Неизвестно - Сергеев Виктор. Луна за облаком
— Да, Озен Очирович.
— Ас ростверками как у тебя?
— Еще не закончили.
— Ну вот...— поморщился Шайдарон.— Теперь грунт прогревай. Опять расходы... Да и время уходит. А потом плиту опять прогревай для фундамента. Где с ростверками не закончено?
— В двух цехах. Да там немного...
— Что скажешь о сроках?
— Начало февраля.
— Середина января. И все. Не спорь. Я не в таких переплетах бывал. И ничего. Как видишь, даже еще трестом приходится руководить.
Шайдарон взял трубку телефона, но передумал звонить, снова посмотрел на Трубина.
— Ну, а то, что вернулась жена, это к лучшему. Запомни. Толь-ко брак, заключенный по любви, является нравственным. И только тот брак, в котором любовь жива, несмотря ни на что, продолжает оставаться нравственным. Вот так-то.

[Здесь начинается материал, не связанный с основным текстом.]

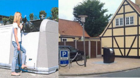 Figur 3. Illustration af en fælles overjordisk beholder som kunne placeres i Faaborg midtby. Og et billede af en nedgravet fællesbeholder vi allerede kender fra Faaborg midtby og som kunne placeres flere steder.

Трубин промолчал, лишь улыбнулся виновато. А что скажешь Шайдарону? Женой теперь Софью не назовешь... «Поживем пока, а там, как выйдет. Время — лучшее лекарство... Оно укажет».
— Ас зимним бетонированием...— продолжал управляющий.— Я думаю, справишься. Бетон, дружок, это такой... мы его далеко не досконально изучили. Если хочешь — это темная лошадка. Вот что такое бетон! Ты не пугайся. Скажу по секрету: мы с Иваном Анисимовичем твою кандидатуру метим на главного инженера. Да, да. Наш главный давно болеет и возраст у него пенсионный. Другого некогда искать. Тебя наши люди знают, сработались с тобой, привыкли к тебе. Это тоже что-то значит. Ясно?

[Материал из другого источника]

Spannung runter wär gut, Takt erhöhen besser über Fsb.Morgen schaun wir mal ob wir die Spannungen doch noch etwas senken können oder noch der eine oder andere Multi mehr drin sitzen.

— Да чего уж там,— усмехнулся Трубин.
— Ну вот. Справишься с зимним бетонированием — быть тебе главным инженером.
В коридоре Григорий встретил Догдомэ. Из-за приезда жены почему-то неловко перед Чимитой. Ко1да-то провожал ее и гуляли вместе. Кажется, и комплименты ей говорил. А теперь, что говорить? Она тоже знает, что Софья вернулась.
Григорию бросилось в глаза, что Догдомэ не такая, как обычно. Что-то в ней появилось незнакомое. Сухие строгие глаза. Шерстяной свитер в мелкую серую клетку. Волосы расчесаны и уложены. И свитер, а еще больше эта прическа делали ее старше и менее похожей на мальчика.
Они поздоровались. «На кого же она теперь похожа?»—подумал он.
— Ты возвращаешься на прежнюю работу?— спросила Чимита.
«А голос тот же, не переменился».
— Ну и как? Доволен?
«Может, ей не сказали о Софье?»
— Теперь ты по-иному будешь смотреть на технику безопасности?
— Как всегда.
— Ты хотя и начальник теперь, Трубин, но я все же не устану тебя учить: с лесов не падай, на гвозди не наступай...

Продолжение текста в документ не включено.